— А рази тебе не интересно? Ты ж вот что-то вспомнил?
— Да… Отца. Забыл его лицо, хотел найти фотографию. Сохранилась?
— Есть, — мать открыла нижний ящик старого шифоньера, достала оттуда пачку бумаг, перетянутую бельевой резинкой, развязала, стала перебирать пожелтевшие карточки. — А эту вот рази тебе не хочется посмотреть? Это какой класс?
Гурин взял карточку, всмотрелся в давние лица, некоторые с трудом ожили.
— Восьмой…
Свет, падавший в чулан, кто-то неожиданно заслонил, Гурин оглянулся и увидел на пороге крестную.
— Вы че это в чулане схоронились? Сухари перебираете нешто? — пошутила Ульяна и засмеялась добродушно.
— Не, не сушим, — сказала мать. — Все одно на всю жизнь не напасешься.
— А я нет-нет да и иссушу какой завалящий кусочек, да и брошу в чувал — нехай лежит, он есть не просит.

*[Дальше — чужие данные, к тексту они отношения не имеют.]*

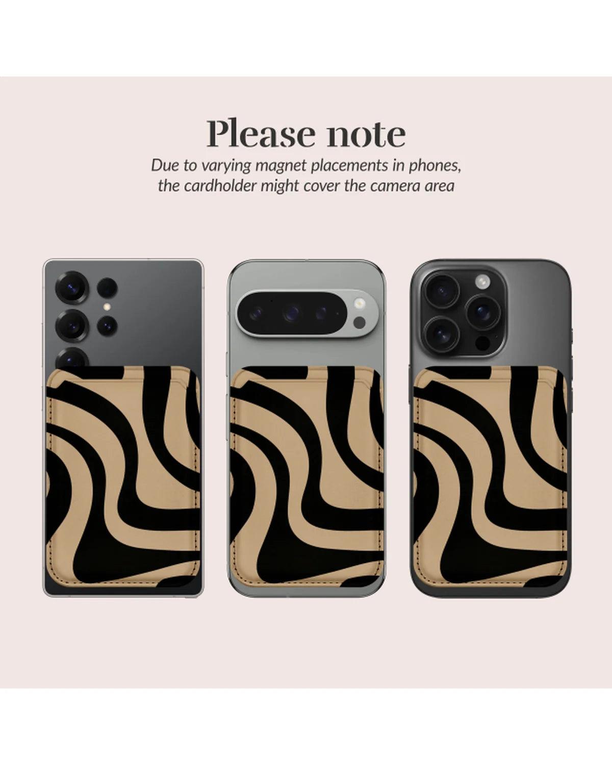 De kaarthouder klik je stevig vast op je MagSafe-compatibele telefoon of hoesje dankzij de krachtige magneten. Je belangrijkste pasjes – zoals je ID, OV-kaart of betaalpas – zitten veilig opgeborgen in het stevige PU-leer. De opvallende swirlprint in zand en zwart geeft dit accessoire een moderne, speelse uitstraling.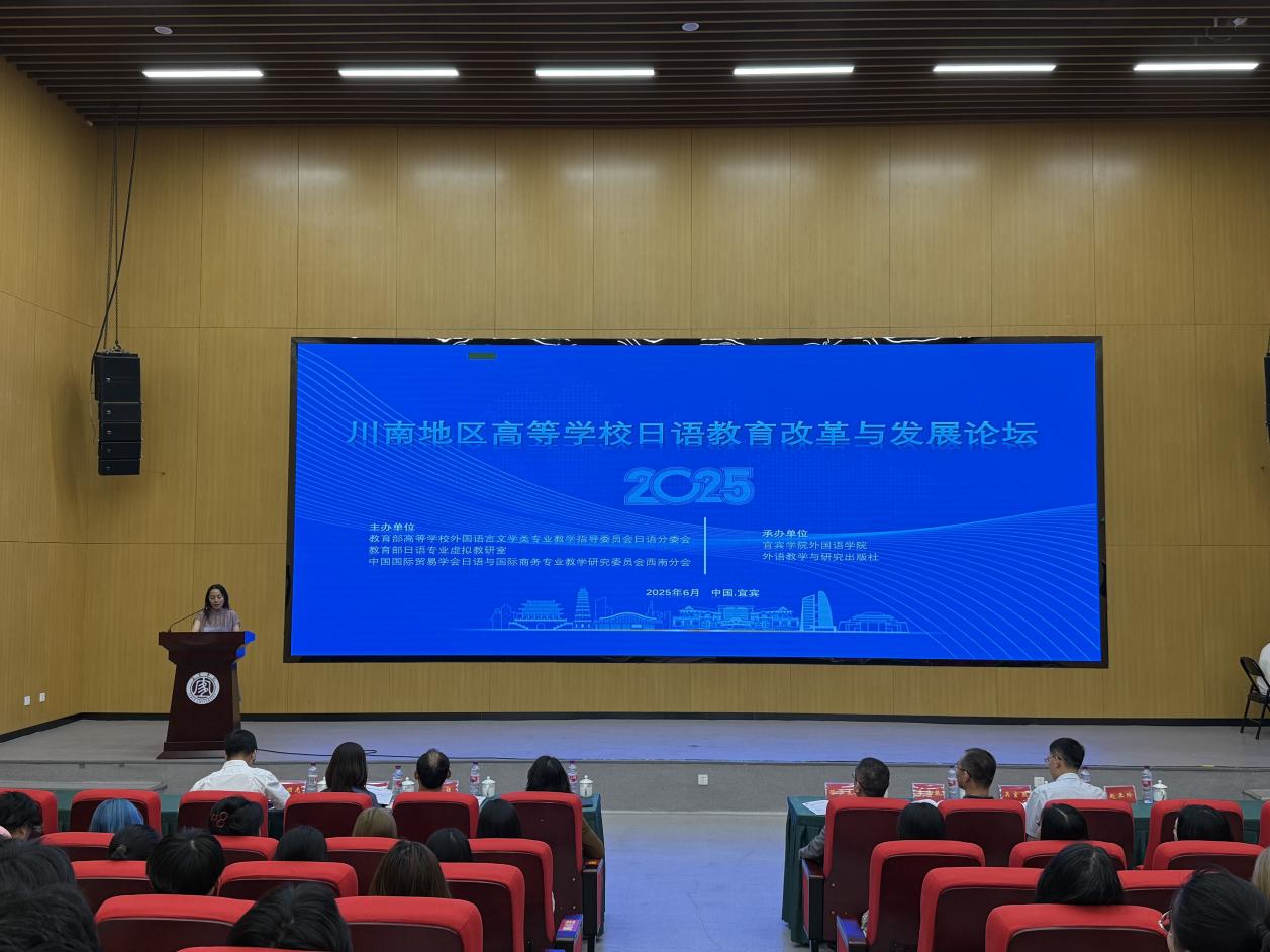 6月6日,2025年度川南地區高等學校日語教育改革與發展論壇在宜賓學院臨港校區舉行,本次論壇由教育部高等學校外國語言文學類專業教學指導委員會日語分委會、教育部日語專業虛擬教研室、中國國際貿易學會日語與國際商務專業教學研究委員會(原中國日語教學研究會)西南分會聯合主辦,宜賓學院外國語學院、外語教學與研究出版社聯合承辦。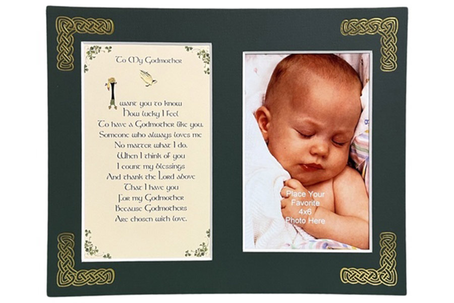 Features - Our blessings printed on ivory card are presented in a forest green matting with gold Celtic knots embossed on the corners. The opening holds a 4x6 photo. Each matt comes in a resealable sleeve.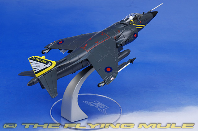 Corgi's 1:72 scale Harrier series includes the early GR.1, the upgraded GR.3 and the FRS.1 Sea Harrier. Each version features a different nose style, and a radar warning receiver has been added to the fins of the later two variants. The large canopy provides a clear view of a detailed pilot figure, with details of the massive turbofan compressor blades clearly visible through the air intake behind the cockpit. All four exhaust nozzles rotate in unison, with simulated heat shielding on the rear nozzles. Each release features drop tanks and two ventral mounted cannon pods, and a Matra rocket pod or AS-37 missiles have been included on some releases.

— Отца вот вспомнил… Посмотреть хочет… Карточку шукаем.
— Отца… — погрустнела Ульяна. — Я вот тоже уже не помню его, какой он был… Встретился б на улице — не узнала, ей-богу.
Гурин разглядывал школьную фотографию, улыбался чему-то.
— Шо там? — спросила мать.
— Так… Розу Александровну вспомнил. Красивая была!
— Твоя любовь, — напомнила мать. — Чуть из-за нее с учителем не подрался.
— Это из-за этой заразы? — удивилась Ульяна. — О, она тут давала жизни при немцах, штоб ей пусто было. — И рассказала: — Ото ж, как пришли немцы, она сразу стала переводчицей в комендатуре. Форму немецкую надела. Красивая была, ничего не скажешь. Ездила с комендантом в тарантасе. В пилоточке, в хренчике… Юбочка узкая, коротенькая, коленками все светила. С немцами и уехала. Она ж сама немка, так што ж тут… Они ей свои были.
— А Александр Федорович Куц?
— А Куц… как ушел в первые дни на войну, так и не вернулся. Слух прошел, будто погиб.
— Н-да… Дела… — ухмыльнулся Гурин. — А это вот Жек Сорокин, мы дружили с ним. Война в первый же день развела нас по разным дорогам. Как он?
— А я рази не писала тебе? — спросила мать. — В прошлом году схоронили. Выпивал с каким-то мужиком, заспорили, задрались, а тот и ударь Жеку бутылкой по голове… Сутки помучился в больнице, и все. Две девочки остались…
— Жаль. Талантливый был парень… — Гурин закусил губу, ему сделалось не по себе от услышанного — будто он был чем-то виноват в Жекиной трагедии. Он догадался: мать нарочно не написала ему об этом, знала, что это его расстроит.
— Вот тебе и талан! — подхватила Ульяна решительно. — Талано́м тоже надо уметь распоряжаться. А шо толку, если талан дураку достался? Так и спился со своей гармошкой, срамно смотреть уже было на него, как побирушка стал. Ей-богу, мне дак и не жалко его…
— Нашла, — перебила мать Ульяну. — Отца нашла. Гляди…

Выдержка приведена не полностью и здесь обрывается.